[MLIR] Fixes NVGPU Integration Test Passes Ordering (#69934)

grypp · web-flow · commit ba8ae9866be1 · 2023-10-24T15:56:47.000+02:00
The test-`lower-to-nvvm pipeline`, designed for NVGPU dialect within GPU kernels, plays important role for compiling integration tests. This PR restructured the passes, and cleaned up the code. It also fixes the order of pipelines.

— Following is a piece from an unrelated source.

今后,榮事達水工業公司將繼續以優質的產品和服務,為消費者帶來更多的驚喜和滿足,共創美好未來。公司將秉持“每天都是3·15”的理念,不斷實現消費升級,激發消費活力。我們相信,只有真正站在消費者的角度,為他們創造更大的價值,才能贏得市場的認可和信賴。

This fix is needed for #69913
diff --git a/mlir/test/lib/Dialect/GPU/TestLowerToNVVM.cpp b/mlir/test/lib/Dialect/GPU/TestLowerToNVVM.cpp
@@ -28,6 +28,8 @@
 #include "mlir/Dialect/Func/IR/FuncOps.h"

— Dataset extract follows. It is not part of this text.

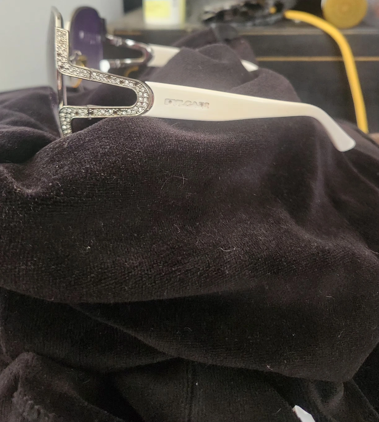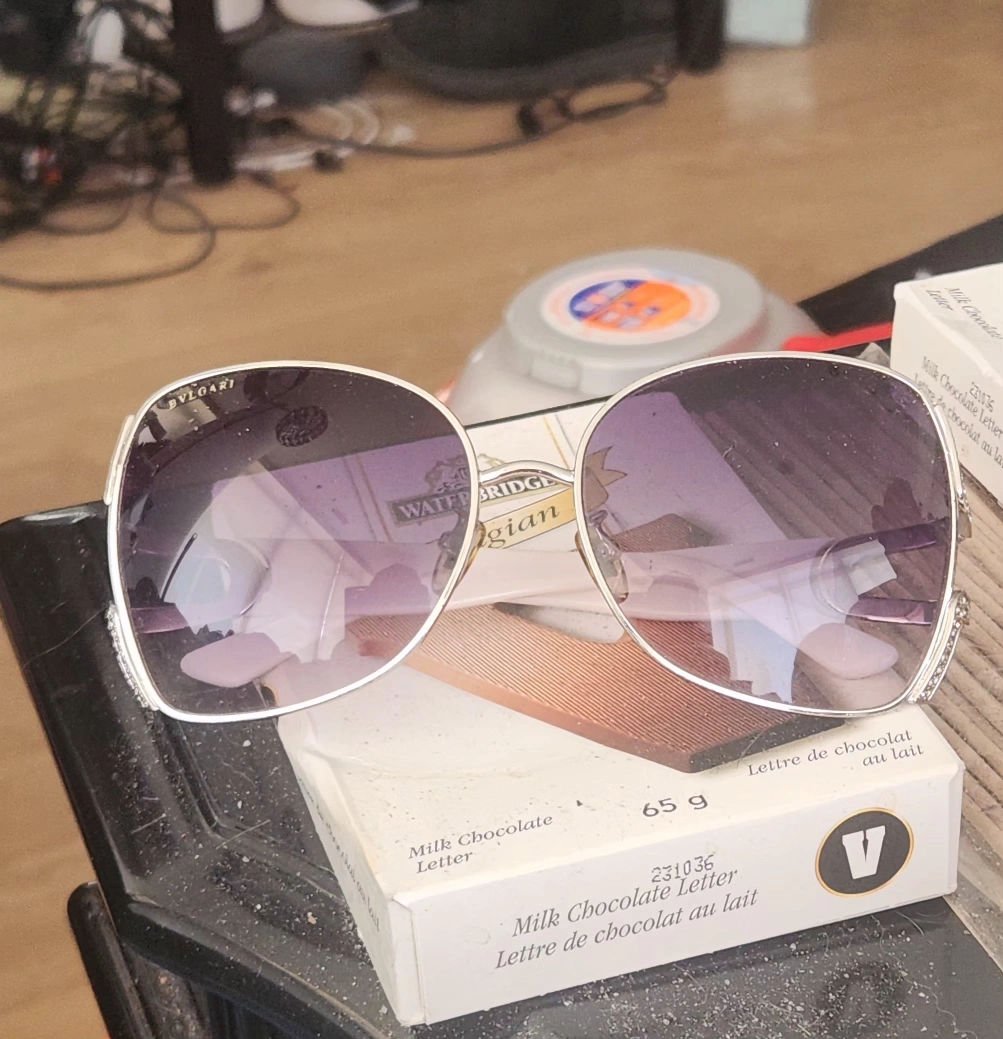 Selling a pair of BVLGARI sunglasses. They have a stylish design with silver frames and purple tinted lenses. The sides feature decorative detailing. Great for adding a touch of luxury to your look! * Cash Only * * No E-transfers * * Pickup Only * * Serious Offers Only *

 #include "mlir/Dialect/GPU/IR/GPUDialect.h"
 #include "mlir/Dialect/GPU/Transforms/Passes.h"
+#include "mlir/Dialect/LLVMIR/LLVMDialect.h"
+#include "mlir/Dialect/Linalg/Passes.h"
 #include "mlir/Dialect/MemRef/Transforms/Passes.h"

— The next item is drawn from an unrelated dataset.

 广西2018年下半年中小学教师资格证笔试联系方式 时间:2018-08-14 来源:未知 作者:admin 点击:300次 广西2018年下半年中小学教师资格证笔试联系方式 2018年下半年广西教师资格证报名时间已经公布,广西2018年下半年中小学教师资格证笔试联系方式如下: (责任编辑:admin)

 #include "mlir/Pass/PassManager.h"
 #include "mlir/Pass/PassOptions.h"
@@ -39,27 +41,11 @@ using namespace mlir;
 namespace {
 struct TestLowerToNVVMOptions
     : public PassPipelineOptions<TestLowerToNVVMOptions> {
-  PassOptions::Option<int64_t> hostIndexBitWidth{
-      *this, "host-index-bitwidth",
+  PassOptions::Option<int64_t> indexBitWidth{
+      *this, "index-bitwidth",
       llvm::cl::desc("Bitwidth of the index type for the host (warning this "
                      "should be 64 until the GPU layering is fixed)"),
       llvm::cl::init(64)};
-  PassOptions::Option<bool> hostUseBarePtrCallConv{
-      *this, "host-bare-ptr-calling-convention",
-      llvm::cl::desc(
-          "Whether to use the bareptr calling convention on the host (warning "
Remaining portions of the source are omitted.